Step 2: Analyzing complex 2: \( [\text{Ni}(\text{CN})_4]^{2-} \).
Let the oxidation state of \( \text{Ni} \) be \( x \): \( x + 4(-1) = -2 \Rightarrow x = +2 \). The electronic configuration of \( \text{Ni}^{2+} \) is \( [\text{Ar}] 3\text{d}^8 4\text{s}^0 \). \( \text{CN}^- \) is a strong field ligand, forcing the 8 electrons in the \( 3\text{d} \) orbital to pair up, leaving one inner \( 3\text{d} \) orbital vacant. The vacant orbitals involved in hybridisation are one \( 3\text{d} \), one \( 4\text{s} \), and two \( 4\text{p} \), resulting in \( \text{dsp}^2 \) hybridisation (Square Planar). Thus, 2 matches with c.

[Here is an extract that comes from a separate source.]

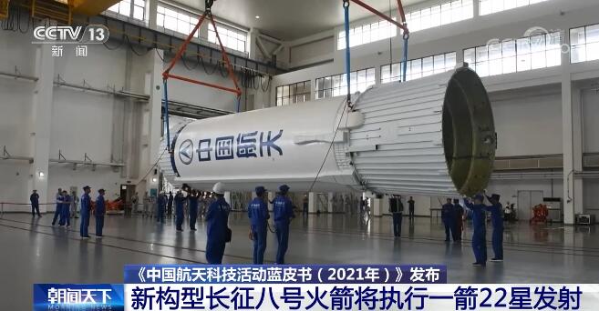 记者从《中国航天科技活动蓝皮书(2021年)》发布会上了解到,我国新一代中型运载火箭长征八号目前正在海南文昌发射场进行发射前的测试工作。此次发射的长征八号采用了全新的构型,将一次发射22颗卫星。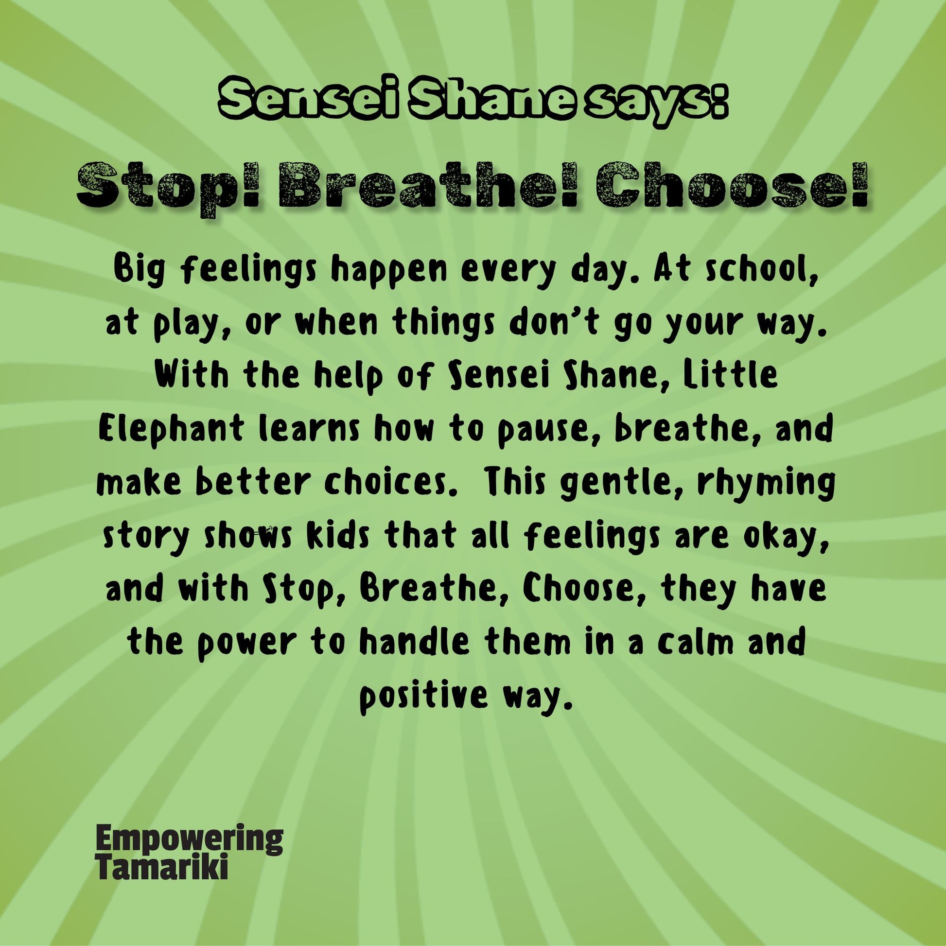 Sensei Shane Says: Stop! Breathe! Choose! is a calming, confidence-building rhyming story for children aged 5 to 8. When Little Elephant's big feelings start to take over, at school, during play, or in tricky moments, Sensei Shane is there to help. With gentle guidance, he teaches Little Elephant a powerful three-step strategy: Stop. Breathe. Choose.

Step 3: Analyzing complex 3: \( [\text{Co}(\text{NH}_3)_6]^{3+} \).
The oxidation state of \( \text{Co} \) is \( +3 \). The electronic configuration of \( \text{Co}^{3+} \) is \( [\text{Ar}] 3\text{d}^6 4\text{s}^0 \). With \( \text{Co}^{3+} \), \( \text{NH}_3 \) behaves as a strong field ligand and causes pairing of the 6 electrons in the \( 3\text{d} \) subshell into three paired pairs (\( \text{t}_{2\text{g}}^6 \)). This leaves two inner \( 3\text{d} \) orbitals completely empty. These two vacant \( 3\text{d} \) orbitals, along with one \( 4\text{s} \) and three \( 4\text{p} \) orbitals, form \( \text{d}^2\text{sp}^3 \) hybridisation (Inner orbital octahedral). Thus, 3 matches with b.

Step 4: Analyzing complex 4: \( [\text{CoF}_6]^{3-} \).
The oxidation state of \( \text{Co} \) is \( +3 \). The electronic configuration of \( \text{Co}^{3+} \) is \( [\text{Ar}] 3\text{d}^6 4\text{s}^0 \). \( \text{F}^- \) is a weak field ligand and cannot cause electron pairing. The \( 3\text{d} \) configuration remains unpaired with maximum spin. Therefore, outer \( 4\text{s} \), three \( 4\text{p} \), and two \( 4\text{d} \) orbitals are used for hybridisation, resulting in \( \text{sp}^3\text{d}^2 \) hybridisation (Outer orbital octahedral). Thus, 4 matches with a. Combining all matches: 1-d, 2-c, 3-b, 4-a, which matches option (C).